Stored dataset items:
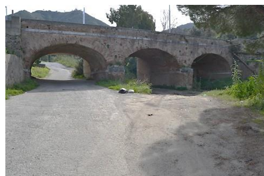
Figure 6. Detail of the bridge of Villa San Giovanni
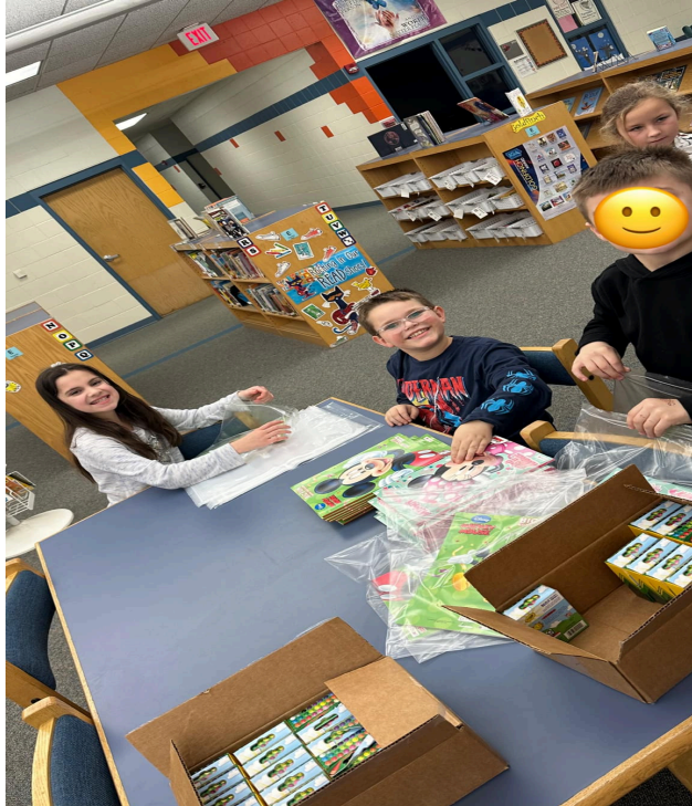
CAPTION: Packing bags that will be donated to the police department for when they respond to class that involve children. Bags include teddy bear, crayons and coloring book.
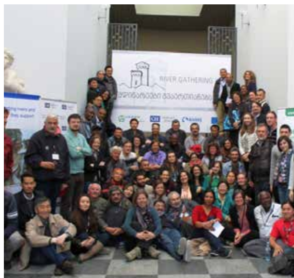
River defenders from around the globe gather in Tbilisi

The location for the event was not a coincidence - Georgia's rich water resources are under threat from the government's haphazard energy development plans, so the meeting was as much a strategy session as a solidarity one, with the gathering culminating in a show of support for Georgian river defenders and their struggles.
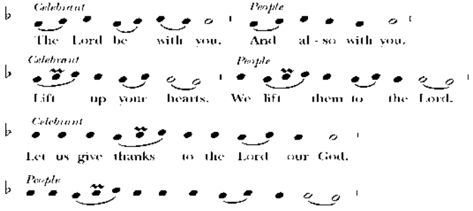
It is right to give God thanks and praise.

People: It is right to give God thanks and praise.
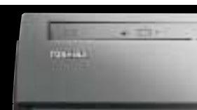
Slim-type CD-ROM and DVD-ROM drives contribute to the compact chassis.
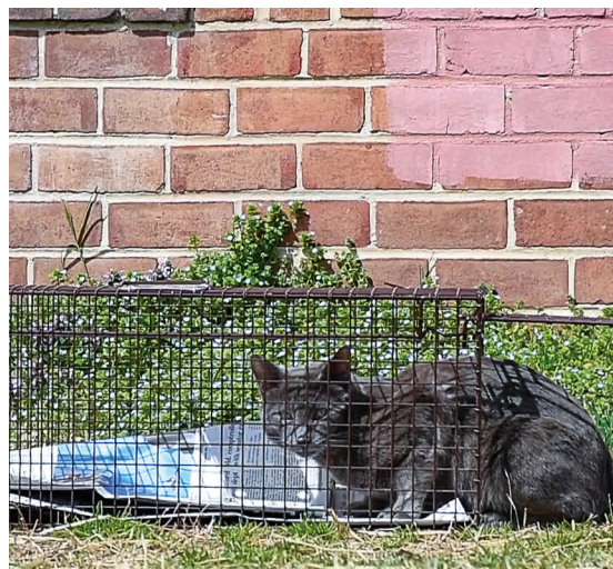
Humane box traps are used to safely and securely trap cats for TNR.
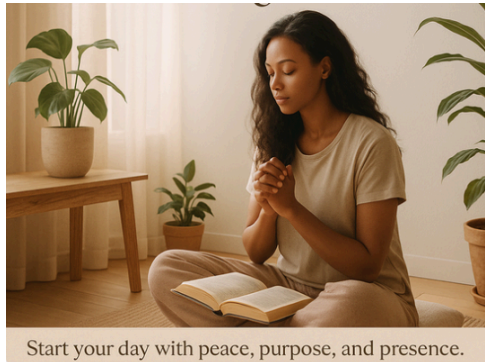
Start your day with peace, purpose, and presence.

This is a flexible blueprint. Some days you may spend more time in one step than another. The goal is not perfection, but presence. This routine helps me walk in God's peace and joy, and I know it can do the same for you.
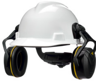
V-Gard Hearing Protection, Medium
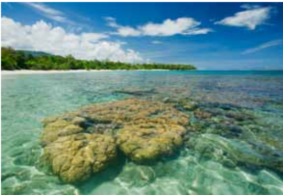
Corals and beach, Taima, Tompotika

Off in its remote corner of eastern Sulawesi, Tompotika is a place that simply begs a closer look. In the past few years, ALTO has helped sponsor a herpetological survey, a small mammal survey, and Tompotika's first-ever butterfly survey, yielding valuable scientific information and even discovering new species previously unknown to science--all to help increase our knowledge and appreciation of Tompotika's natural treasures.
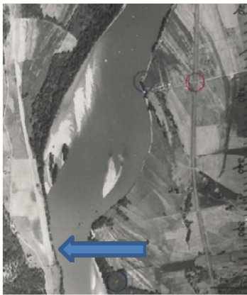
SANDBAR IN 1953
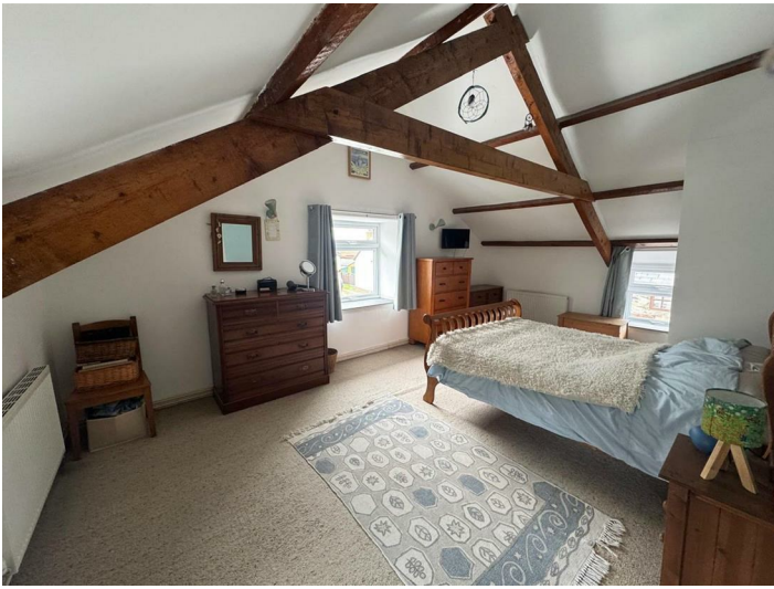
BEDROOM 3 10'2 x 10'8 (3.10m x 3.25m)
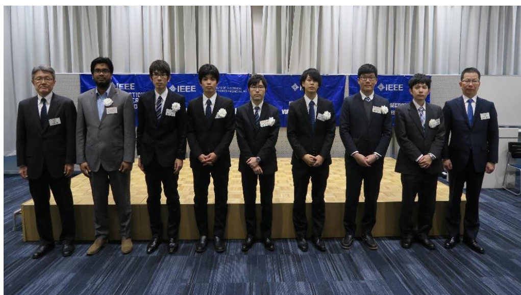
Student Paper Awards
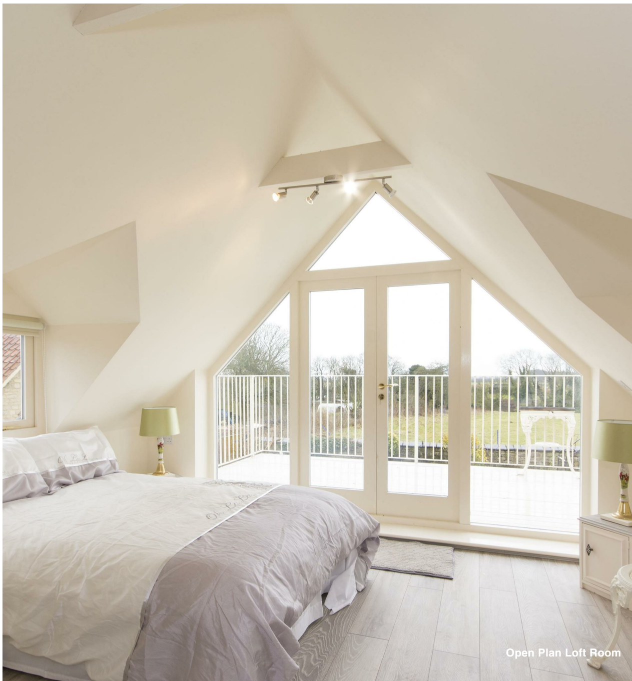
Open Plan Loft Room
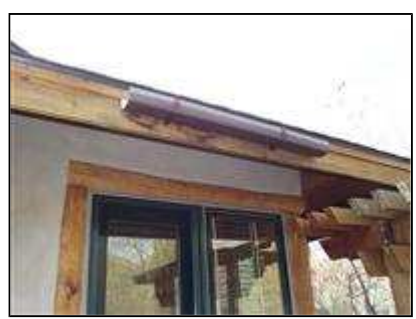
2.5 Picture 1 Gutter without downspout at north entry

The roof of the home was inspected and reported on with the above information. While the inspector makes every effort to find all areas of concern, some areas can go unnoticed. Roof coverings and skylights can appear to be leak proof during inspection and dry weather conditions. Our inspection makes an attempt to find a leak but sometimes cannot. Please be aware that the inspector has your best interest in mind. Any repair items mentioned in this report should be considered before purchase. It is recommended that qualified contractors be used in your further inspection or repair issues as it relates to the comments in this inspection report.
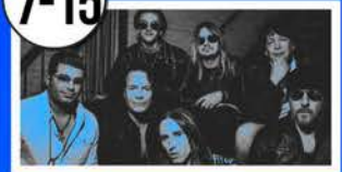
Double Vision THE ULTIMATE FOREIGNER EXPERIENCE DOUBLEVISIONBAND.COM
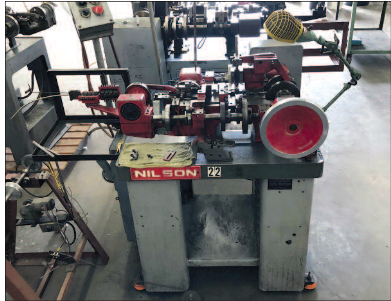
Nilson 700 Wire Former
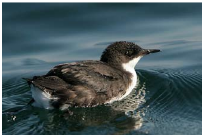
Fig. 2. Craveri's Murrelet at Isla Rasa, 28 May 2007.

Upon our arrival, the island was covered with gulls and pelicans. The latter had little ones while the former were beginning to lay eggs, which was a gift for our crew, and they ate them in large numbers. The pelican eggs that we found, in addition to not being edible, had little ones inside, [so] they were given to the pig we have on board. It was ridiculous to see that animal eat a bucket of eggs every day, and to hear the crunching of the little pelicans under its teeth, some of them moaning as their shell broke. All these birds abandoned the island after eight days of having seen nine or ten people continuously walking on it.... José Maria [the Chief Steward] killed two hawks, a big one and a little one, both with families. Sr. Guillet took two young of the big species which he keeps alive on board, and [which] are magnificent. He also killed a raven and collected beetles that apparently feed on bird carcasses [that are] abundant on the island. He also took a few scolopendrids and two species of small lizards, one with winged claws. I worked so much that I was almost unable to observe anything that was not related to my commission.
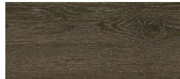
1738 Mocha Oak
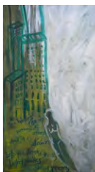
The Hours Rise Up (e.e. cummings Suite #1)
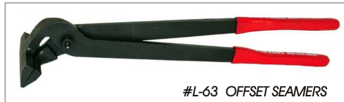
#L-63 OFFSET SEAMERS

== Task statement ==
Please set down, exactly and with no pictures, the lines in the entries above starting at the one holding "Start your day" and ending at the one holding "2.5 Picture 1", ends included.

== Task solution ==
Start your day with peace, purpose, and presence.

This is a flexible blueprint. Some days you may spend more time in one step than another. The goal is not perfection, but presence. This routine helps me walk in God's peace and joy, and I know it can do the same for you.
V-Gard Hearing Protection, Medium
Corals and beach, Taima, Tompotika

Off in its remote corner of eastern Sulawesi, Tompotika is a place that simply begs a closer look. In the past few years, ALTO has helped sponsor a herpetological survey, a small mammal survey, and Tompotika's first-ever butterfly survey, yielding valuable scientific information and even discovering new species previously unknown to science--all to help increase our knowledge and appreciation of Tompotika's natural treasures.
SANDBAR IN 1953
BEDROOM 3 10'2 x 10'8 (3.10m x 3.25m)
Student Paper Awards
Open Plan Loft Room
2.5 Picture 1 Gutter without downspout at north entry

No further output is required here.